The Art of Longevity: Shaolin Nei Gong and Yan Shou Gong in the Teachings of Master Yap Boh Heong

Most people encounter Shaolin as an image: shaven-headed monks performing spectacular kicks in a dusty courtyard. It is a vivid image, but it is also only the lowest level of what the tradition actually contains. In a series of interviews and instructional videos on The Martial Man YouTube channel, the Malaysian martial artist and healer Master Yap Boh Heong has been arguing — patiently, and with careful demonstrations — that this external picture hides far more than it reveals.

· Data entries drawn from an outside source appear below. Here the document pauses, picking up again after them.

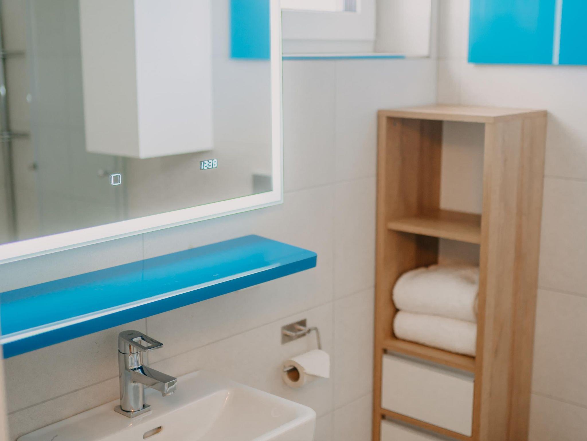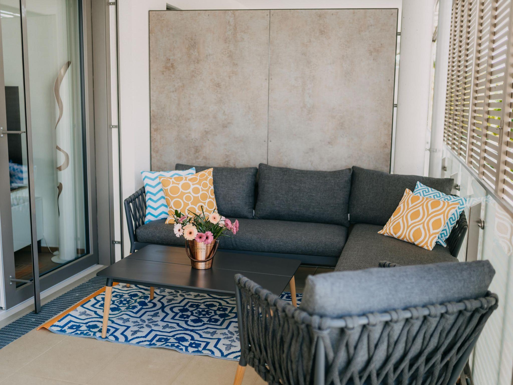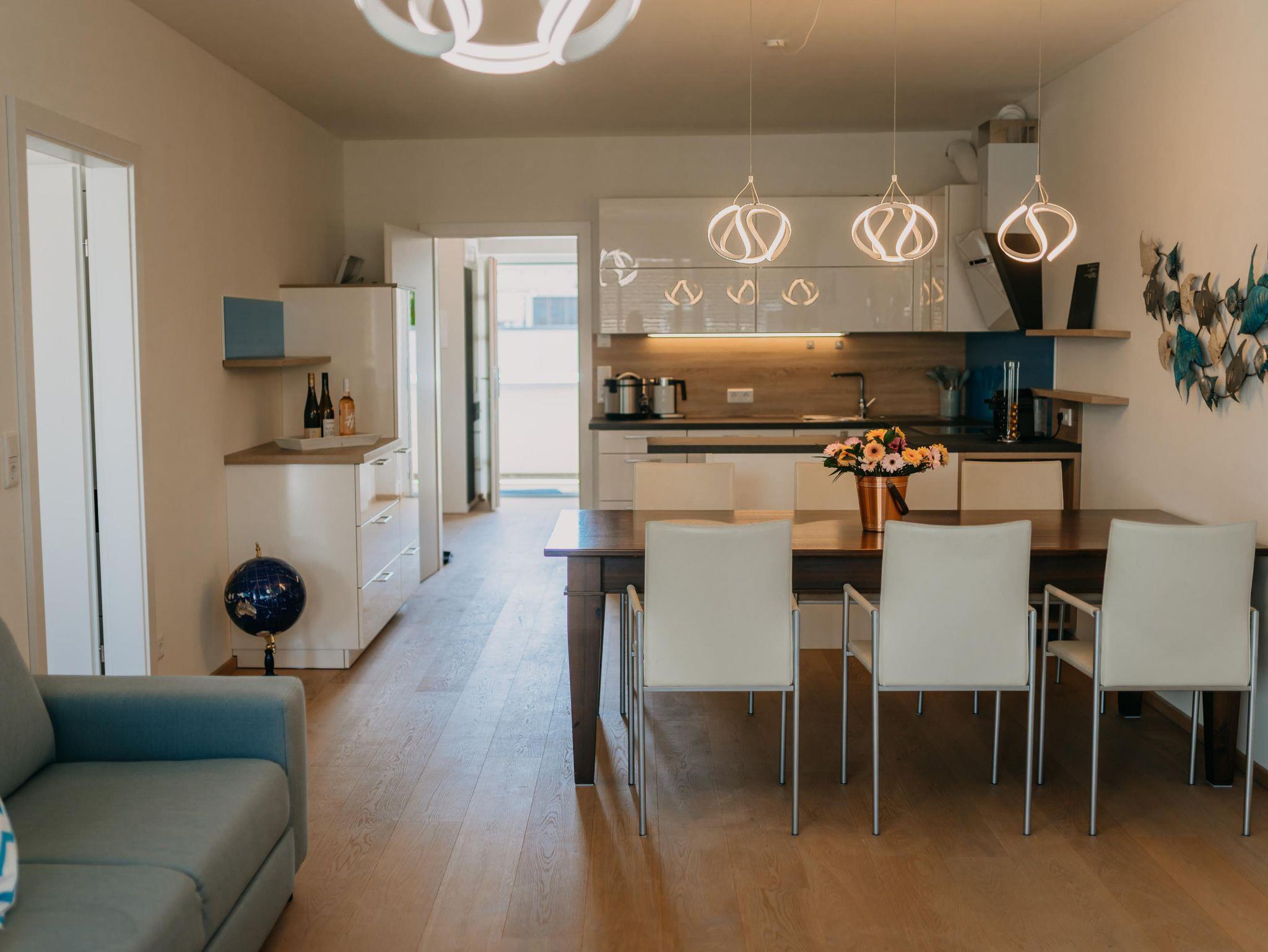 Das Apartment verfügt über 2 Schlafzimmer mit einem Doppelbett und einem extra großen Etagenbett (140x200). Im Wohnzimmer dürfen 2 weitere Personen auf der Schlafcouch schlafen. Die Wohnung ist für bis zu 6 Personen - und somit ideal für Familien geeignet. Des weiteren verfügt das Apartment über eine voll ausgestattete Küche mit Nespresso Kaffeemaschine, Backofen und Spülmaschine. Ein absolutes Highlight ist der überdachte Außenbereich der Wohnung. Der 24 qm große Balkon bietet genügend Platz für erholsame Abende im Freien.
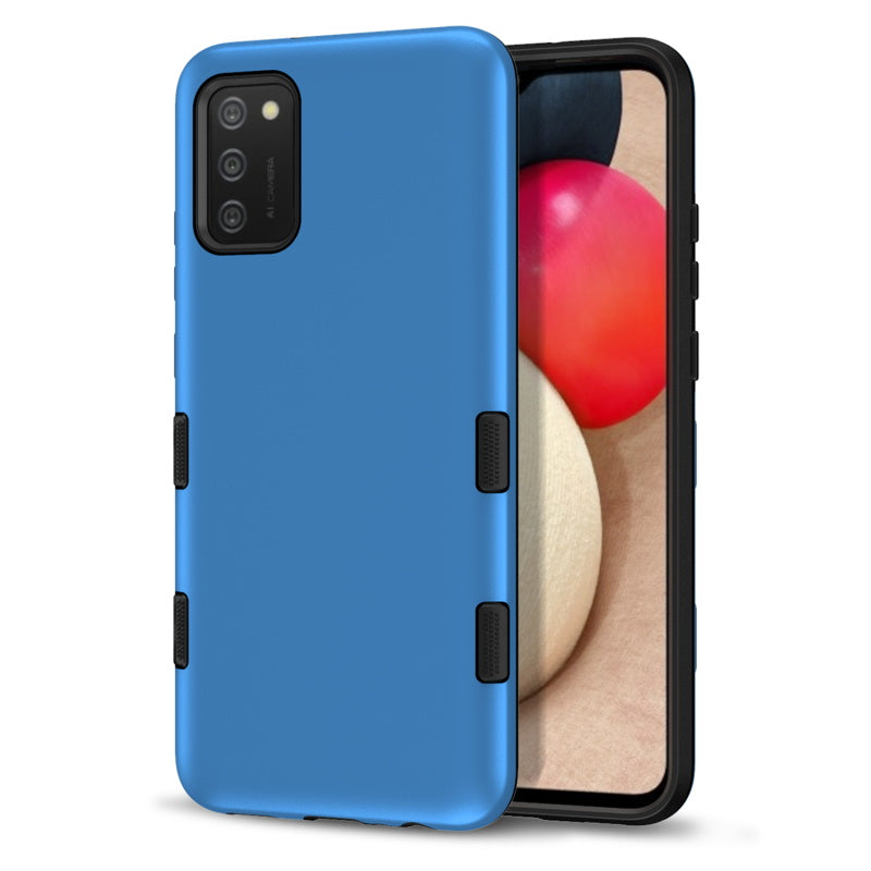 Slimmed down. Toughened up. The MyBat Pro Tuff Subs Series Case for Samsung Galaxy A02s delivers the same rugged protection from the Tuff series—now in a thinner, more streamlined design. With its dual-layer construction, the hard outer shell and padded inner layer work together to guard the Galaxy A02s against drops, bumps, and everyday wear, meeting military-grade drop protection standards. Non-slip textured ridges give a secure, comfortable grip, while raised bezels keep the screen and camera safe from scratches. Perfectly engineered for the Galaxy A02s, the Tuff Subs combines lasting protection with a lighter, slimmer feel.
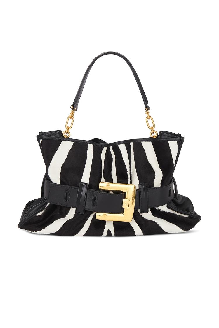 Meet the Anthem Medium Shoulder Bag, a statement piece that blends high fashion with everyday practicality. The zebra-striped dyed calf hair exterior is tempered by leather trim and a suede-lined interior for luxe texture. A belted gold-tone buckle seals the look, while an integrated leather shoulder strap with a gold-tone chain adds drama and versatility. Inside, one main compartment houses a slip pocket and a leather card slot for essentials. With its dual magnetic closures and Italian craftsmanship, this Balmain bag takes you from day to night with fearless sophistication.
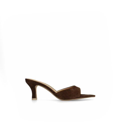 Braune Veloursleder-Pumps der Marke Manfield. Die Pumps haben eine Peeptoe-Kappe und einen 6 cm hohen Absatz. Als Lederpflege empfehlen wir das transparente Veloursleder-/Nubuk-Spray.
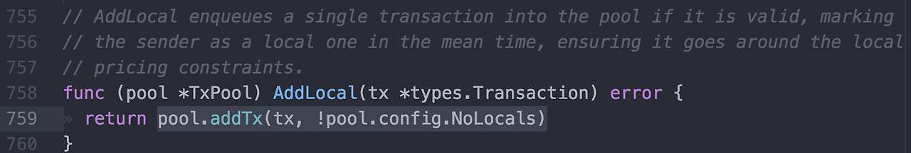 5-3. eth/api_backend.go의 SendTx 함수가 호출되면서 core/tx_pool.go의 AddLocal 함수를 호출하게 된다.
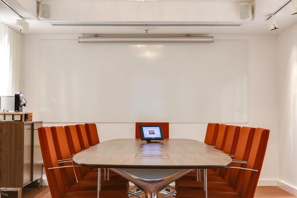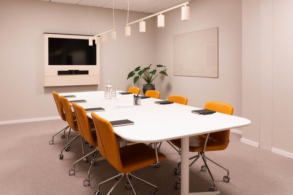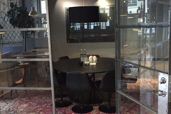 Runda bordet är vårt minsta konferensrum med plats för upp till 6 personer. Mötesrummet har en 55’’ TV med HDMI-uttag för smidig uppkoppling. Här finns också en blackboard, men föredrar ni blädderblock så ordnar vi det. Rummet är sobert inrett och stolar såväl som bord är klädda i svart skinn.
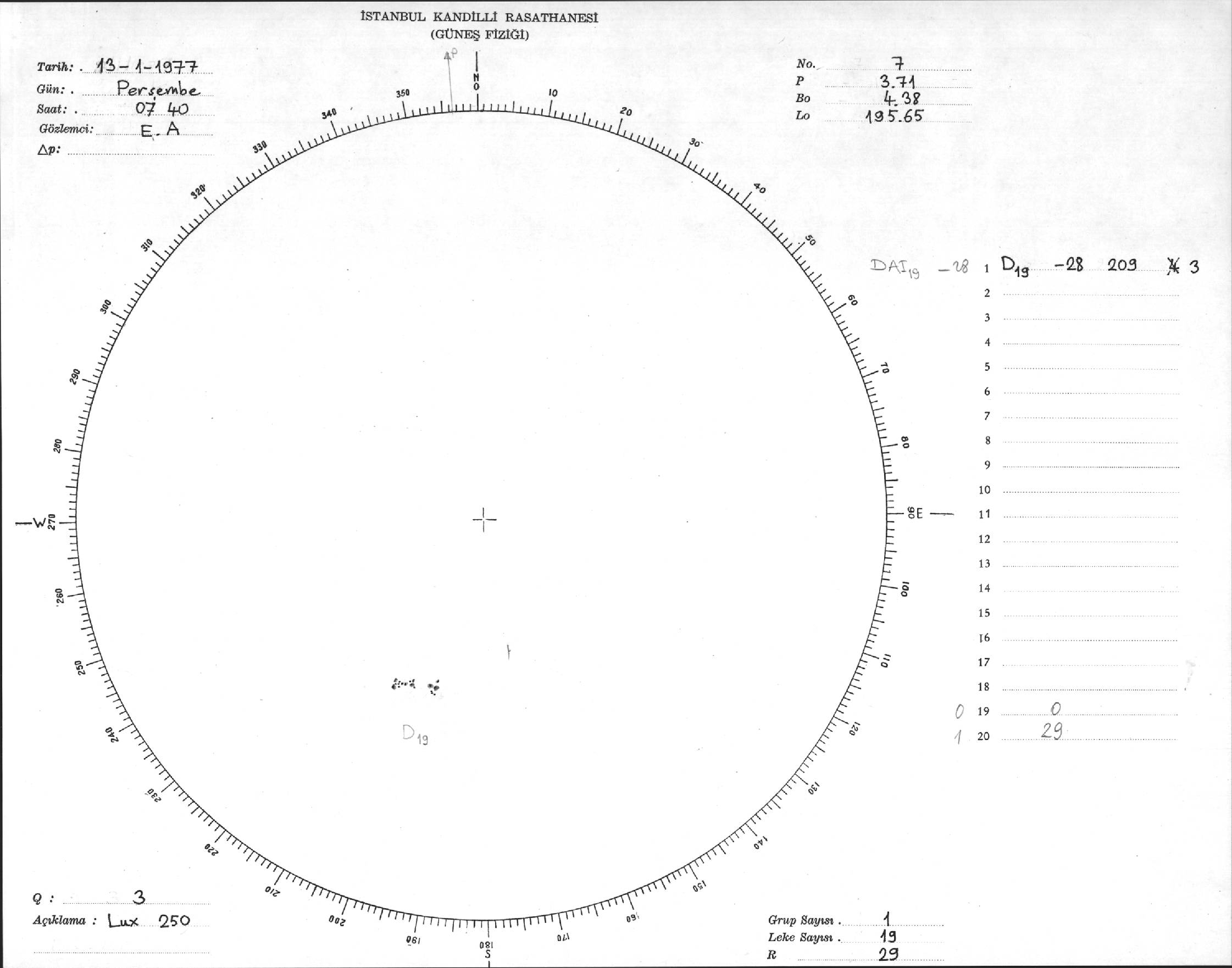 Güneş Lekesi Çizimi - 13.01.1977
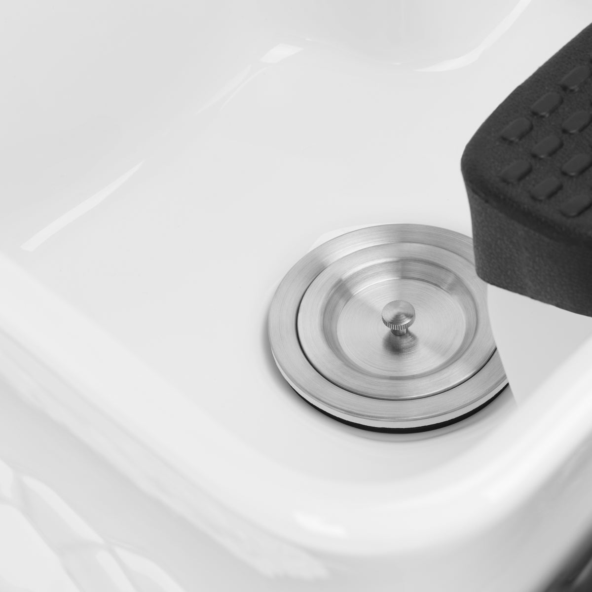 The modern Gabbiano hairdressing car wash combines functionality with Italian elegance. The car wash is made of the highest quality materials and perfectly finished. We know how important the client's comfort is during treatments, which is why the special design provides the client with a solid head support while washing. The soft and extremely comfortable seat is covered with high-quality gray eco-leather. The car wash has a white ceramic bowl and golden armrests. The perfect piece of furniture for modern interiors.
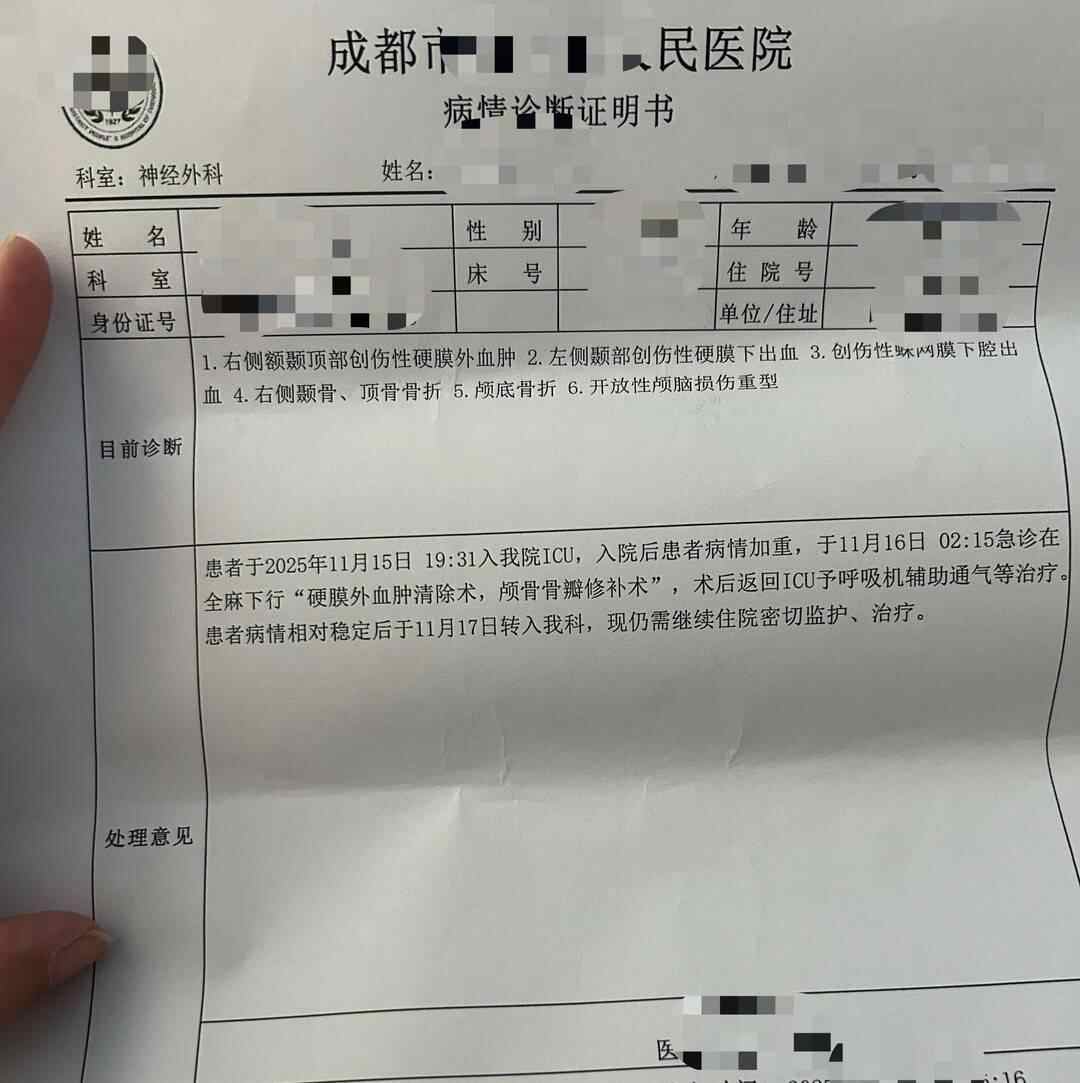 回忆起11月15日晚的情景,程女士仍心有余悸。她哽咽地描述,妹妹被诊断为颅内出血,立即进行了开颅手术,手术过程顺利,目前恢复良好,但医生警告不排除二次出血的风险,需密切观察,“后面我也是看了网上的视频,才知道这件事是如何发生的。”

Master Yap is a lineage holder of Yan Shou Gong 延壽功, the “Art of Longevity,” and one of very few active senior practitioners of Wu Mei Quan 五梅拳 and the Southern Shaolin branch of Wuzuquan 五祖拳 (Five Ancestors Fist). He teaches these arts from Kuala Lumpur, at international workshops, and through an online course structured around the 36 Yan Shou Gong sets. What follows is a synthesis of the framework he presents in those videos: the history, the lineage, the operational concepts of the internal work, and the roadmap by which a modern practitioner can actually make progress.

Shaolin as a University

The first reframe Master Yap offers is that Shaolin was never simply a school for fighting. For at least two thousand years it has functioned as what we would today call a university — an institution of learning with three parallel curricula: Buddhism and the philosophy that surrounds it, traditional Chinese medicine (herbs, acupuncture, energetic healing), and martial arts. Monks entered through a selection process and progressed through levels of competence. The vast majority never reached the most advanced tier; the few who did rarely taught outside the temple walls.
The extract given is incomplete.